EDITORIAL SOBRE A IDA DE MAIS UMA PARTE DA ZAMBONI PARA O RIO DE DE JANEIRO: TCHAU ALÉM PARAÍBA

Da Rio Bahia para Duque de Caxias. Governo do PT quer é grana, não reduz impostos e a Zamboni dá mais um tchau.
Com um nota seca bem ao seu estilio depois que virou mega distribuidora, o Grupo Zamboni comunica que “compromissos fiscais” com o Estado do Rio de Janeiro, com o qual desafortunadamente somos fronteiriços, mais uma parte de suas atividades passarão a ocorrer na baixada Fluminense. Uma fonte nos garantiu que essa decisão já está tomada desde o ano passado quando nada se conseguiu com o Governo de Minas Gerais no sentido de reduzir a a sufocante carga tributária. Na época, ano eleitoral, tudo foi prometido, tudo foi garantido, Deputados foram pais da criança, candidatos locais abraçaram a causa e a deram com vencida mas, no final, nada de efetivo aconteceu. Também não vamos fazer romance, histórias épicas de um empresário que começou a vida vendendo leite na carrocinha e depois se tornou grande atacadista. Não vem ao caso. Não é essa a proposta do editoral. O Empresário Alencar Zamboni tem todos os valores grandiosos e suas empresas sempre foram de grande importância para Além PAraíba. Sua história de vida é bonita no entanto não foi e nem deveria ser suficiente para que a Zamboni se mantivesse instalada plenamente em Além Paraíba para tomar prejuízo. O que leva a Zamboni a sair daqui é meramente uma dos pilares do Capitalismo onde o objetivo da empresário é obter lucros. Prejuízo não faz parte desse cenário nem tampoco laços sentimentais por razões geográficas. Se um estado oferece a um empresário maior lucratividade fiscal ele deve ir em busca desse benefício.

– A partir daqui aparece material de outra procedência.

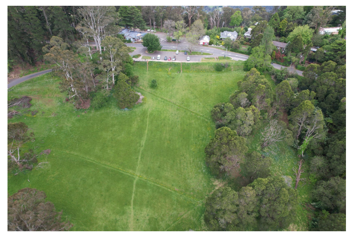
Existing Site – Kalorama Park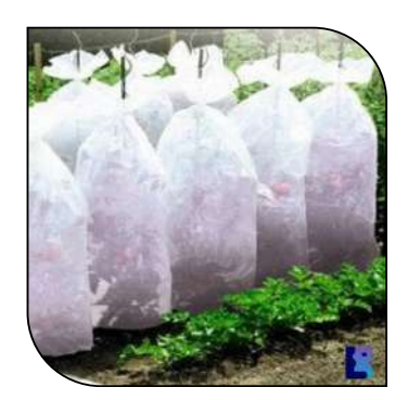
Non woven plant covers provide wind, frost and rain protection for plants. Furthermore, these barriers allow air, light and moisture to pass through so plants can grow healthy and strong.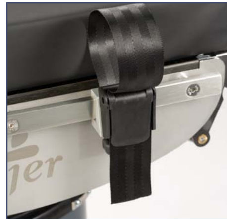
Wristclamp with strap, clamp included. Code 10370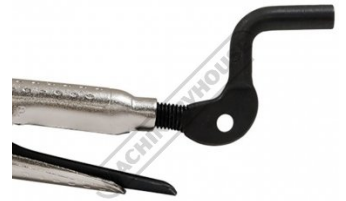
Unique crank handle for fast easy jaw opening and pressure adjustment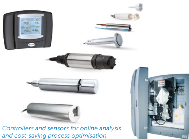
Controllers and sensors for online analysis and cost-saving process optimisation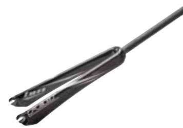
Felt 3.2 Carbon Aero Road Fork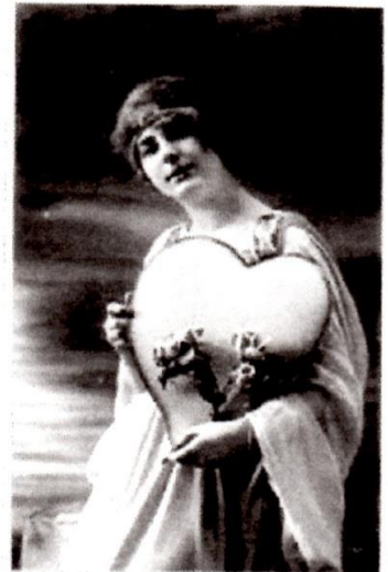
Valentine's Day postcard, circa 1910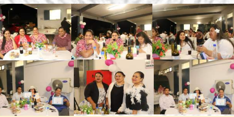
It's that time of the year, we celebrated the achievements throughout this quarter with an enjoyable event. Revenue and Customs mark this event by acknowledging those who achieved internal/regional pieces of training and staff of the months. MORC continues to uphold its commitment to excellence in implementing a good job.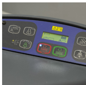
2 Check if there isn't any brush motor overload i.e. 3 battery Ledsflash simultaneously.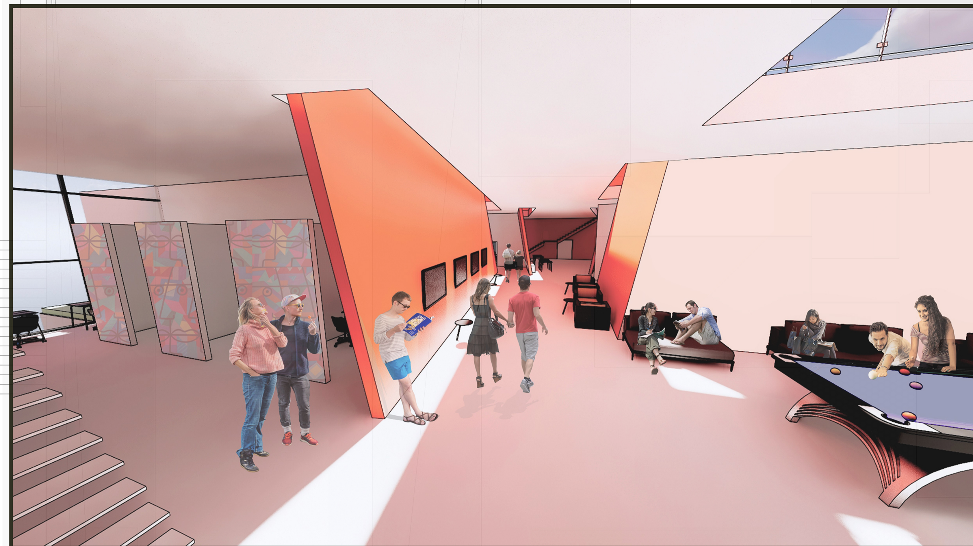
Start up center

Se não for outro irá, se perder espaço em seu ramo outro ocupará. Não tem nhem nhem nhem da carrocinha de leite, do amor pela terra natal e outras questiúnculas, o quem tem de real em tudo isso chama-se lucro. No mundo de hoje quem não ganha nos centavos, perde milhões e quem perde milhões quebra, vai falência, à bancarrota. Não tenham ilusões, a Zamboni vem aos poucos deixando a cidade. Vem fazendo isso de maneira discreta, fatiada, para ser menos dolorosa e assustadora para a população. Já tivemos momentos em que a mãe sonhava com o filho ser médico, dentista e mais recentemente ser empregado da Zamboni. Era sinal de estatus. Não tenho ilusões, em pouco tempo o que resta da Zamboni vai ser atraída pelo estado do Espírito Santo e aquele imenso complexo ou será fechado ou será locado a outro segmento. Os espaços não ficam vazios até porque podem virar uma Igreja, algo tão em moda nos tempos atuais. 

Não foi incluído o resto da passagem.